# Lateral Cutters



## mpm (Nov 16, 2010)

Any of you guys doing lining use a lateral cutter to reinstate from the main such as a Dancutter? 

I'm looking at getting one because I don't always have access through the backside like if the branch line is a tub drain.

The Dancutter seems popular but I've heard it breaks a lot. Was hoping someone had some experience with it and / or some others.

Mostly reinstating in 3-6" pipe.


----------



## gear junkie (Jun 20, 2008)

No experience with it but look into Try-Tek.


----------



## bulldozer (Jan 11, 2009)

We use the Try-tek and the Picote. We have had pretty good luck with both. Im also looking at the Dancutter and would love to get some real feedback on it. Its amazing the money you can dump in these things.


----------



## mpm (Nov 16, 2010)

bulldozer said:


> We use the Try-tek and the Picote. We have had pretty good luck with both. Im also looking at the Dancutter and would love to get some real feedback on it. Its amazing the money you can dump in these things.


I was looking at the Try-Tek actually.

I have Nu Flow's reinstatement cutters. It works well, except that, like the picote you can't get the cables through traps. Which means you're gapping those fittings which I'm not always particularly fond of.

How to you like the Try Tek? Is it reliable. Which model do you have? If you don't mind me asking what did it run you?


----------



## bulldozer (Jan 11, 2009)

We have the 80. So far so good havent had a chance to really use it alot. I here you on the trap problem. If your going to invest in a lateral cutter i suggest really practicing in your shop on some lined pipe first. The jobsite is not the place to learn! I have a few jobs coming up and i will post some videos.


----------



## mpm (Nov 16, 2010)

bulldozer said:


> We have the 80. So far so good havent had a chance to really use it alot. I here you on the trap problem. If your going to invest in a lateral cutter i suggest really practicing in your shop on some lined pipe first. The jobsite is not the place to learn! I have a few jobs coming up and i will post some videos.

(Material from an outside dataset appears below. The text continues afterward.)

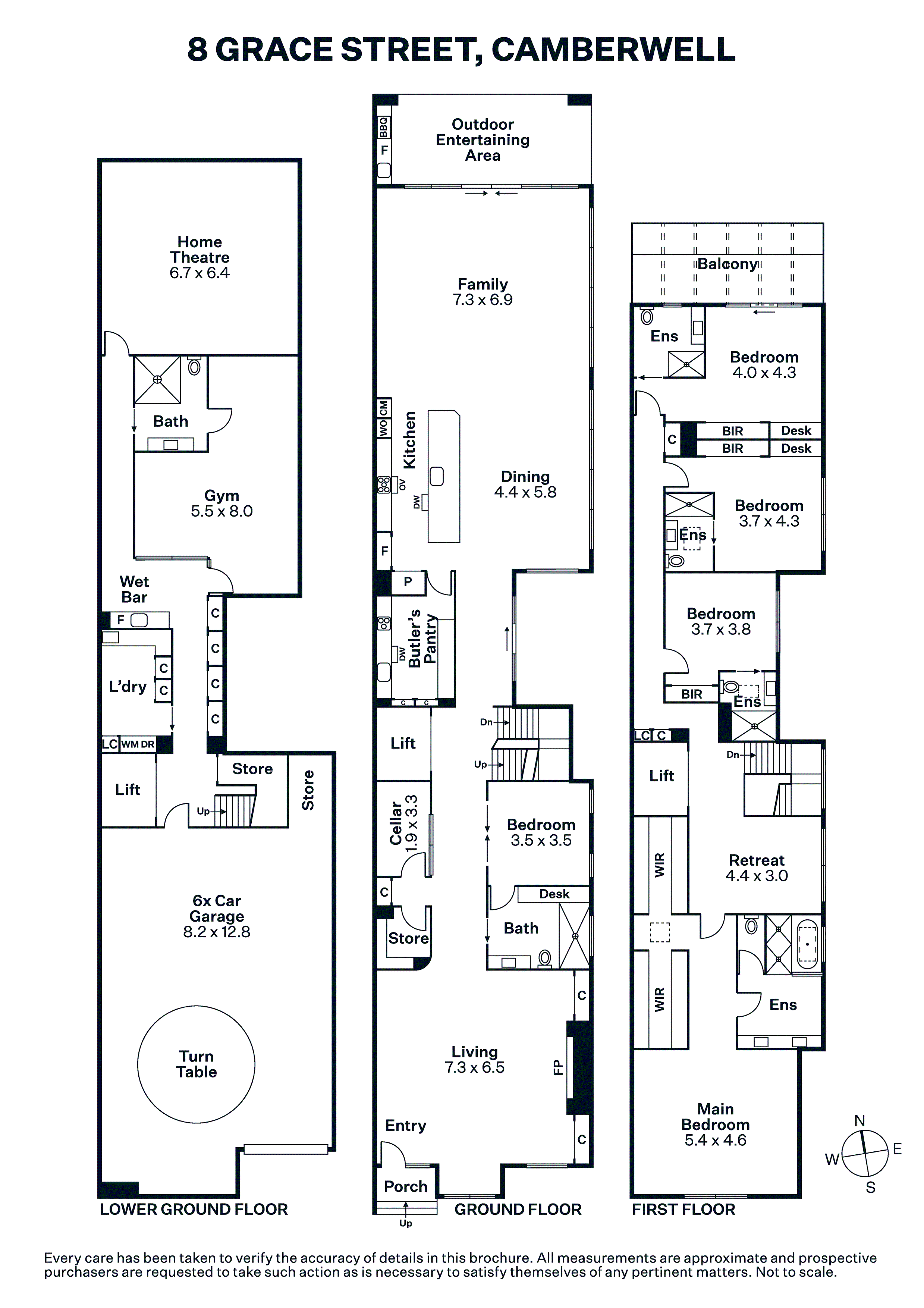 The interior over three levels, which is a triumph of light and space featuring high ceilings, full-height windows and doors, glass walls and herringbone parquetry floors enhanced by a northern rear orientation. The first level opens to a generous living room, study/office or 5th bedroom, downstairs dual access bathroom, wine room and a central courtyard. A vast family domain incorporates a state-of-the-art entertainer’s kitchen and butler’s pantry equipped with stone benches and a full complement of prestige Miele appliances including an integrated fridge/freezer. Connecting to a stunning north-facing alfresco entertaining terrace complete with a barbeque kitchen overlooking the private rear garden with a raised solar heated pool. The upper level has a family retreat or study area and four luxurious bedrooms all with fully tiled ensuites, three with built-in robes, including a lavish main bedroom with dual WIRs; plus a sunny northern rear balcony. The basement level includes a home cinema, gymnasium, bathroom and laundry. Other comprehensive appointments include video intercom entry, an alarm, security cameras, lift access to all levels, ducted heating and zoned reverse-cycle air-conditioning, underfloor heating, gasLFP (living), ample storage throughout, landscaped gardens and a secure 6-car garage with a turntable and direct internal access.

I was looking at the 80 myself. Gonna call them in the morning for a quote. I'm looking at that or the Dancutter Superflex. We do run into 3" here so I want the machine to be able to tackle that.

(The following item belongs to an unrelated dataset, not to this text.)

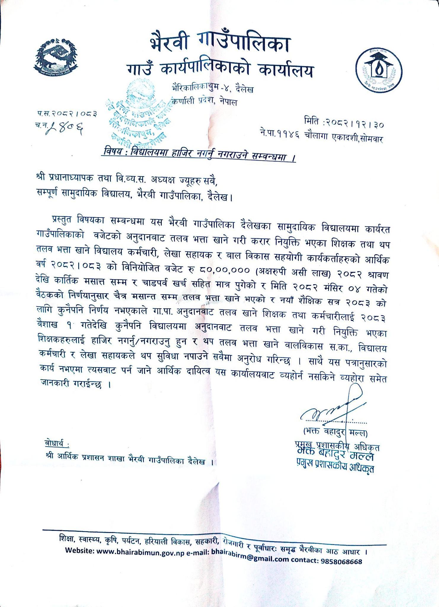 पत्रमा भनिएको छ, ‘२०८३ वैशाख १ गतेदेखि कुनै पनि विद्यालयमा अनुदानबाट तलब भत्ता खाने गरी नियुक्ति भएका शिक्षकलाई हाजिर नगर्नु नगराउनु हुन र थप तलब भत्ता खाने बालविकास सहयोगी कार्यकर्ता, विद्यालय कर्मचारी र लेखा सहायकले थप सुविधा नपाउने सबैमा अनुरोध गरिन्छ।’

Always practice in the shop. Get all the kinks out that way.


----------



## bulldozer (Jan 11, 2009)

I wish i would have waited for the cleaner show. Not that i would save a ton of money but you can compare apples and oranges a little easier. I like the dan cutter to. I dont do enough re-instating to go all out and go with a big boy cutter. You are welcome to come down and play with ours if your in the area.


----------